Grovia:  The Grovia is one I have been using for a long time because it was one of the one-size diapers I owned that actually fit my newborn right from the start.  Lately though, she is starting to grow out of it, so I guess it's not a true birth-to-potty option.  One thing that strikes me with this diaper is how gentle the velcro at the waistband is - not too scratchy or stiff.

Functionality - (5 stars)***** - No leaks with this one.  Plenty of absorbency.  The elastic on the edges of the insert give it the ability to keep some (but not all) poos off of the cover.  So at least that way you have a fighting chance of not changing the cover after each and every poo.  The insert snaps into the diaper at the front and the back so it stays firmly in place.  The one-size snaps are your typical front configuration and work just fine.

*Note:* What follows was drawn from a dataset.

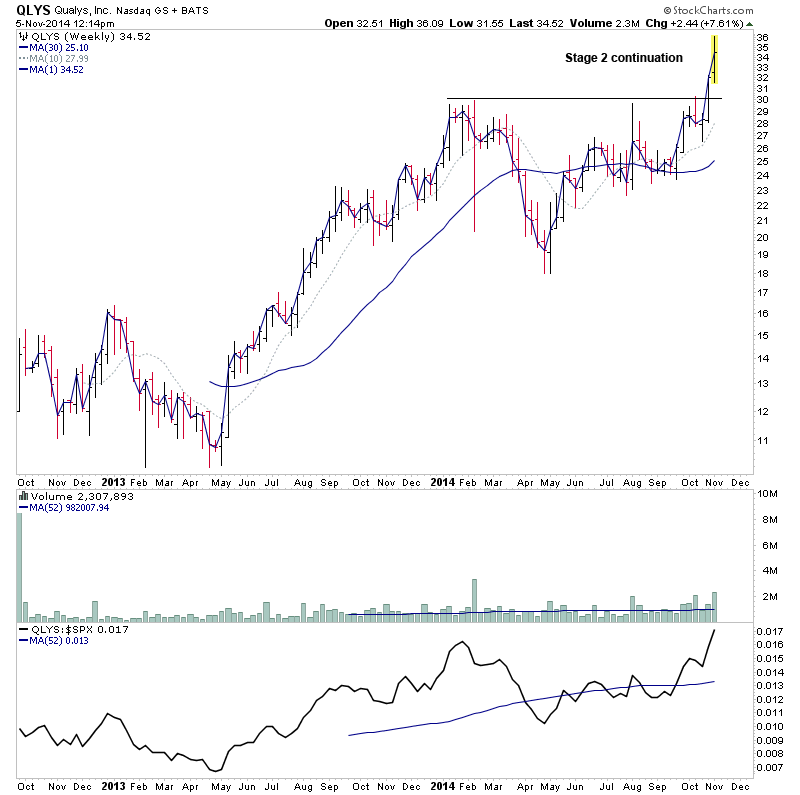 QTM - A minnow attempting to make an early Stage 2A breakout, with near term resistance still. It did almost a whole weeks average volume on the first trading day of the week and Relative performance has broken above the flattening zero line this week.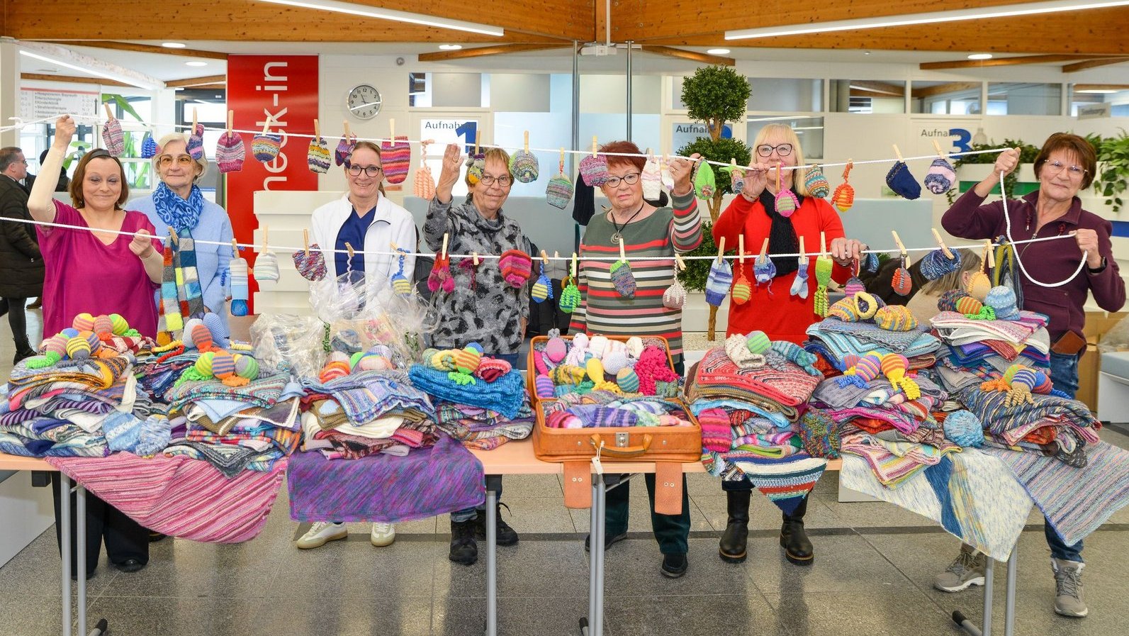 Bedingt durch das Schneechaos und Stillstand des ÖPNV konnten am 29. Januar 2026 nur sechs Frauen die Werke der Gruppe an Schwester Claudia Hutzler, stellvertretende Leiterin der Station 44, übergeben. Innerhalb der letzten 12 Monate wurden 95 Garnituren (bestehend aus Mütze, Socken und Handschuhen), 305 Socken-Mützen-Kombinationen, 184 Tintenfische sowie 152 Decken im Wert von 4350 Euro (reiner Materialwert) für die Frühchen hergestellt.

Fit - (4 stars)**** - A fabulous fit!  The infinite crossover velcro waist means this will be able to get snug on the tiniest of waists.  It is nice and trim throughout the legs too.  The inside of the cover is lined with a soft mesh so plastic doesn't touch skin.  The only downfall here is that the diaper is on the small side so while it will fit a newborn, it won't last as long as some other one-size options will.  The rise on it, fully unsnapped, is on the short side and is what is going to be outgrown first.

Price - (3 stars)*** - $150 to $200 for a dozen diaper changes

WHEW!  That's a lot of info, I hope I didn't overwhelm you (I probably did).

The final word:  All the options were great, and I think all were fairly priced.  None were outrageously expensive.  The cover and prefold was a great economical option.  Most of the options were very functional.  I was pretty disappointed by the CuteyBaby though for function.  It's hard to pick a favorite overall.  I think all of them, except the CuteyBaby, will be in my regular stash rotation from now on.  Good stuff.


  1. That was actually really interesting to read, for a mama with her youngest being a 5 year old.

    Cloth diapers fascinate me. When my eldest was born, finding them was impossible, unless you were connected to the "cloth diaper underground". Easy to get dismayed and give up.

  2. Yeah, when I first started using them about four years ago, they were very tricky to find, especially used ones. Now used ones are all over craigslist - easy peasy. They've just exploded in popularity lately.